I had a simple requirement of pre-pending line numbers to every line in a file and at the same time prepending every double-quote(") with another double-quote(""). However, with dos / powershell where there ares not many ways to accomplish this and, with a LARGE file, it becomes slow and cumbersome.
My first attempt on a 13 MB file, took ~15 mins to process. However, the below code took < 2 mins for the same file.
My first attempt on a 13 MB file, took ~15 mins to process. However, the below code took < 2 mins for the same file.
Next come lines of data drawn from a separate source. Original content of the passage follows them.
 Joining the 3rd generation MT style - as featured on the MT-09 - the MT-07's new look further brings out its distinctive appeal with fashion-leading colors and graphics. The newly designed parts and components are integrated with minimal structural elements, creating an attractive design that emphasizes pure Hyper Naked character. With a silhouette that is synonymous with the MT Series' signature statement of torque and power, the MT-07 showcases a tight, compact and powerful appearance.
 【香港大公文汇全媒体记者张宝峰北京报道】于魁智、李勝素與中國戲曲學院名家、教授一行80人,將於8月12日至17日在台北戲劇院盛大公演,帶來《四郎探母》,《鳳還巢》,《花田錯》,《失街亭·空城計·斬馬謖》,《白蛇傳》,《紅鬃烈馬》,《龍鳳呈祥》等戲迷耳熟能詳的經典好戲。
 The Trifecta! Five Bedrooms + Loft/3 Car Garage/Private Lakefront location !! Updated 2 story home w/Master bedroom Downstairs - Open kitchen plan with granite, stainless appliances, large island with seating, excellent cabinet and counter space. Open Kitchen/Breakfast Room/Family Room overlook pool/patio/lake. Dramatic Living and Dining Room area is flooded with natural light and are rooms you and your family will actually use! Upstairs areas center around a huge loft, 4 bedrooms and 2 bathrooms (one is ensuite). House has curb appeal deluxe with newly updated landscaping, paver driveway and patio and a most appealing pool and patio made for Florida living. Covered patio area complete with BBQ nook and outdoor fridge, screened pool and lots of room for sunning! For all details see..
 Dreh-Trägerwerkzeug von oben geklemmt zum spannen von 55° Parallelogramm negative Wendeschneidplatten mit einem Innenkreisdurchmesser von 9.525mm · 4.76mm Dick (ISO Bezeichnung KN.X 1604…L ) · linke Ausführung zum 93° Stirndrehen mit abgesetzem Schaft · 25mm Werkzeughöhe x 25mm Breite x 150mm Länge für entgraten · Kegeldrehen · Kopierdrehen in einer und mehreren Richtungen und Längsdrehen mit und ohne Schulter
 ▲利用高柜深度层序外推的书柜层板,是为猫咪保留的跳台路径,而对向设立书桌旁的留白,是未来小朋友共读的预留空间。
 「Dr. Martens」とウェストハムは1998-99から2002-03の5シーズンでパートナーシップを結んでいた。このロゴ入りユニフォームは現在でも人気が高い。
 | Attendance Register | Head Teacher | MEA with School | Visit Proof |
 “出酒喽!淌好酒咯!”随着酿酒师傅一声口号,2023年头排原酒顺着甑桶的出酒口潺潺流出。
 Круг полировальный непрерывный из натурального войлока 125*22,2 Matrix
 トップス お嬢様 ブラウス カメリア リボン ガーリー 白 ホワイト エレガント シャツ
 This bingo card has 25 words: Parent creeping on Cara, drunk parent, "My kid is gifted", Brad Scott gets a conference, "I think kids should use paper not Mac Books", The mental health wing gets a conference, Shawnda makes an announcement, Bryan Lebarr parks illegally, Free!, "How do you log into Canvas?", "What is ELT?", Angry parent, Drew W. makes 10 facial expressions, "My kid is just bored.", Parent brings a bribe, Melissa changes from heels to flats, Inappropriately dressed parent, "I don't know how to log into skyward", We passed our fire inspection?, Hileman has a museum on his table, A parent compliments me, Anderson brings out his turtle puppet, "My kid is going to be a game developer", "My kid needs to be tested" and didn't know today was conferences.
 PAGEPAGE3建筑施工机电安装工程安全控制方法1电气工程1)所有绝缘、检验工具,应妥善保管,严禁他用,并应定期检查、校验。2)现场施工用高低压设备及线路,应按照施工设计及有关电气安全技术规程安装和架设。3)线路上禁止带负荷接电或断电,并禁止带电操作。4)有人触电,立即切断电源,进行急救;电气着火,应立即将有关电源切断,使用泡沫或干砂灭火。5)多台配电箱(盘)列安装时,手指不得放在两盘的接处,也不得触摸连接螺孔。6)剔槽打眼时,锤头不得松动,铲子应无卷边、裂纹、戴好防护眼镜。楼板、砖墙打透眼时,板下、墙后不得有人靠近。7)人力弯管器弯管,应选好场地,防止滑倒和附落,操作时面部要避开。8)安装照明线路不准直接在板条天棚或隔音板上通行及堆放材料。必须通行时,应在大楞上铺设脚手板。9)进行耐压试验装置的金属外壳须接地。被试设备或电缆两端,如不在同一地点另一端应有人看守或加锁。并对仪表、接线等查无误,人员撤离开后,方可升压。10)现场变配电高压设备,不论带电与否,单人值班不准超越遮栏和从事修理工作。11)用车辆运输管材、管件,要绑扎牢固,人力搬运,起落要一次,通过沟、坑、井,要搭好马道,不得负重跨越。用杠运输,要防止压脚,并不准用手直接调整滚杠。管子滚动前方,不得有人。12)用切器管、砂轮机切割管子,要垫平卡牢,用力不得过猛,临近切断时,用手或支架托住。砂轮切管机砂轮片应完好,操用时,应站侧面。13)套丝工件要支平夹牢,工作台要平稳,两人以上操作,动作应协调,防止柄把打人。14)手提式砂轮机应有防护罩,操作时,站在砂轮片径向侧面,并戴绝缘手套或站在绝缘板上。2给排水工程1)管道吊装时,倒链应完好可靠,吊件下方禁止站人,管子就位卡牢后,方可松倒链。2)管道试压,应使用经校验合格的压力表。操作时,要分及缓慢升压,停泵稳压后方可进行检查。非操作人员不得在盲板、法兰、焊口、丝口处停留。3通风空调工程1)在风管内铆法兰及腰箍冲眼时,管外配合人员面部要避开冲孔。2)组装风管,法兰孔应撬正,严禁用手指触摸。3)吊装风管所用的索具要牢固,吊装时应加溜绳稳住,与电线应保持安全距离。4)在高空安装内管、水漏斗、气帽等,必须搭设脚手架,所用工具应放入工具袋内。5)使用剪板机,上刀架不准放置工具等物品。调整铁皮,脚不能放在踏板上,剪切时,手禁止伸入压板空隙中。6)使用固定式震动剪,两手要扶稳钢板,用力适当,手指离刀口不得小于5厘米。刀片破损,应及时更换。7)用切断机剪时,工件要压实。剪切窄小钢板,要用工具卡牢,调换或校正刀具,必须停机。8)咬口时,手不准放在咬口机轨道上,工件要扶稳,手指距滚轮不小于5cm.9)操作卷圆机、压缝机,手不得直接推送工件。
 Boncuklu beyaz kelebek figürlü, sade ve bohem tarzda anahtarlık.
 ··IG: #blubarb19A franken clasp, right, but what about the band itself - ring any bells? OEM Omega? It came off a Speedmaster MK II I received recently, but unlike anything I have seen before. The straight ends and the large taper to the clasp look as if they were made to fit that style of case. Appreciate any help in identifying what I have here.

The code is a powershell script which takes as input parameters the source and target file paths.
$i=0
$outfile = $Args[1]
del $outfile
Get-Content -ReadCount 100000 $Args[0] | foreach { for ($j=0;$j -lt $_.count; $j ++) {
$_[$j] = "$(($i*100000+$j) + 1): ".PadLeft(10) + $_[$j] -replace "`"","`"`""
}
$i++
$_ | Out-File -Encoding ascii $outfile -append
}
Some Notes:
1) By default the Get-Content command will operate one row at a time. VERY SLOW.
2) Adding the -ReadCount #n parameter tells the Get-Content command to loops through the input file in chunks of size #n; loading each chunk into memory.
3) To use it effectively, be aware that it returns a $_ variable which is an array of size #n. To operate on each loop you have to pipe this into a foreach statement and operate on each item in the array as demonstrated above.